Talbott's career-making coup was his translation of the taped memoirs of Nikita Krushchev. Senator Jesse Helms (R-NC), who protested Talbott's State Department nomination in February 1994, pointed out that numerous reports indicated that "it was Mr. Louis who provided the Krushchev memoirs to Time magazine - who gave them to Mr. Talbott to translate in 1969...." Timmerman observed that "while at Time, Talbott repeatedly took positions identical to those being promoted by the KGB and its mavens of disinformation - primary among them, Talbott's friend Victor Louis."

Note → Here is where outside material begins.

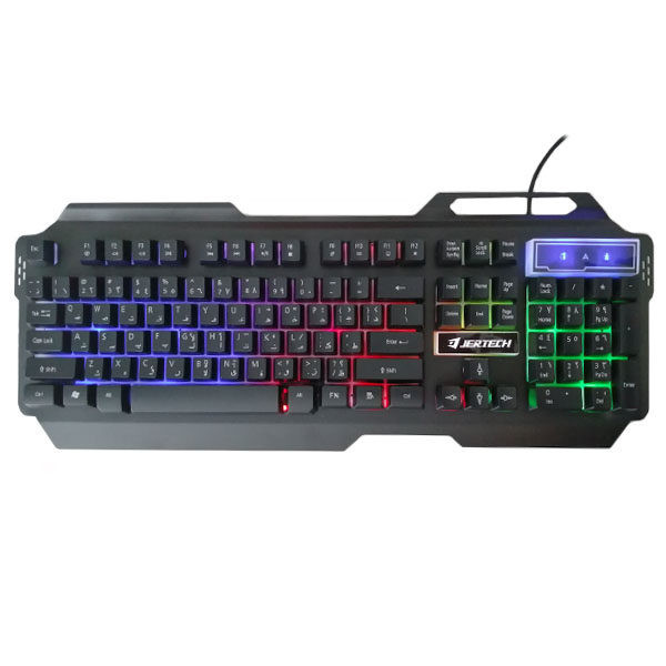 کیبورد مخصوص بازی جرتک K909 با رنگ های خاکستری، طلایی و مشکی مناسب برای انجام بازی های کامپیوتری می باشد. این کیبورد دارای 104 کلید بوده که حروف فارسی روی آن ها حک شده است. توسط اتصال سیمی و بوسیله پورت USB به کامپیوتر شما متصل می گردد. این محصول دارای بک لایت بوده و در هنگام اتصال به کامپیوتر نور پس زمینه آن در رنگ های مختلف روشن می شود و زیبایی بیشتری به کیبورد شما می دهد. این ویژگی در فضاهای تاریک بیشتر خود را نشان می دهد. فریم کیبورد مخصوص بازی جرتک مدل K909 فلزی است و دارای کلید های مکانیکی می باشد.

Talbott's willingness to retail the Soviet line earned a favorable review from convicted traitor Aldrich Ames, the KGB's mole in the CIA. The April 22nd Russia Reform Monitor, quoting a recent issue of News of Intelligence and Counterintelligence, the Russian intelligence service journal, described how Ames commended Talbott's writings to Sergei Divilkovsky, who made contact with Ames in 1984. In the Russian journal, Divilkovsky recalled that Ames presented him with a copy of Talbott's book Deadly Gambits: The Reagan Administration and the Stalemate in Nuclear Disarmament as a gift when the Soviet official was recalled to Moscow. On the title page, Ames offered this personal inscription: "Sergei, here is a good, but joyless report on the results of the last years. What we need now is a synthesis. Rick, February 1985." Divilkovsky wrote that the inscription testified of the "solidarity of Ames with Talbott's view" of the need for the West to accommodate Soviet military demands.
Talbott is Bill Clinton's chief adviser on Russia policy, reflecting personal and ideological affinities that began when the two were fellow Rhodes scholars and Oxford University roommates in 1968.